Oklahoma’s offensive line is anchored by Brown at tackle and, even with Oliver’s previously stated skepticism, has plenty of girth, as Texas cornerback Elliott pointed out.
Eliott: “They have a great tackle and a really great guard. They all play at a championship level. They’re huge. And once they get their hands on you, then you’re pretty much done. So you’ve got to make sure they keep their hands off you.”
Elliott also shakes his head at skeptics who say Big 12 offenses get shut down once they face good defenses from other conferences.
Elliott: “I don’t agree with that at all. Because we preach physicality. In my opinion we were the most physical team in the Big 12 and I felt at that point in time we could play with pretty much almost any team in the country. Some teams, like of course Alabama. But for the most part we could play in any other conference and be OK.”
Defenses in the Big 12 are hurt because of the offenses they play?

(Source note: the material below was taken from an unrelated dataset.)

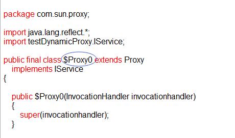 接着,你会注意到这个代理类继承 Proxy 类和我们指定的接口 IService(之前如果指定多个接口,这里就会继承多个接口)。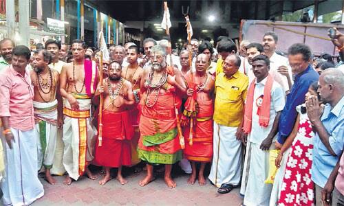 பஜ்ரங்தள் மாநில அமைப்பாளர் சரவணகார்த்திக் முன்னிலை வகித்தார். ஸ்ரீவில்லிபுத்துார் சடகோபராமானுஜ ஜீயர், மன்னார்குடி செண்டலங்கார செண்பக ராமானுஜ ஜீயர், கோவை நாராயண ராமானுஜ ஜீயர், டெல்லி விஷ்ணு சித்தராமானுஜ ஜீயர், நேபாள் பராங்குச ராமானுஜ ஜீயர், ஸ்ரீரங்கம் கோயில் ஸ்தலத்தார் பத்ரி பராசர பட்டர், விசுவ ஹிந்து பரிஷத் தென்தமிழக செயல் தலைவர் ராஜமாணிக்கம், ஒருங்கிணைப்பாளர் விஜயரங்கன் பேசினர். பின்னர் ஆண்டாள் ஆடிப்பூர பந்தலில் இருந்து ஜீயர்கள் பங்கேற்ற ஊர்வலத்தை, தொழிலதிபர் ராமராஜ் துவக்கி வைத்தார். ஆயிரத்திற்கும் மேற்பட்ட பக்தர்கள், திருப்பாவை பாடல்களை பாடிக்கொண்டு, நான்குரத வீதிகளிலும் ஊர்வலமாக வந்தனர். கோதை நாச்சியார் தொண்டர்குழாம் நாம பிரச்சாரசபா குழுவினரும், ஒருங்கிணைப்பாளர் ராமசுப்பு பங்கேற்றனர். தொழிலதிபர் சரவணதுரைராஜா நன்றி கூறினார்.

Elliott: “Yeah, because the type of offenses we play they’re going to spread the field. Quick. Fast, get it to whoever’s open. Of course it’s harder, but that’s the league we play in.”
Oliver, the Houston star, may doubt the interior linemen, but he doesn’t doubt Mayfield.
Oliver: “He’s going to bring it every game. Don’t think you’re going to get an off day from Baker, as I could see. He’s a very tough competitor. And you’ve got to keep him contained and you’ve got to hit him and you’ve got to hit him early and you’ve got to hit him often just to keep him contained. Because if you don’t he can turn it on like that and be super explosive.”
That said …
Oliver: “But if you do a good job of containing and trying to hit him and get at him, you’ll be all right.”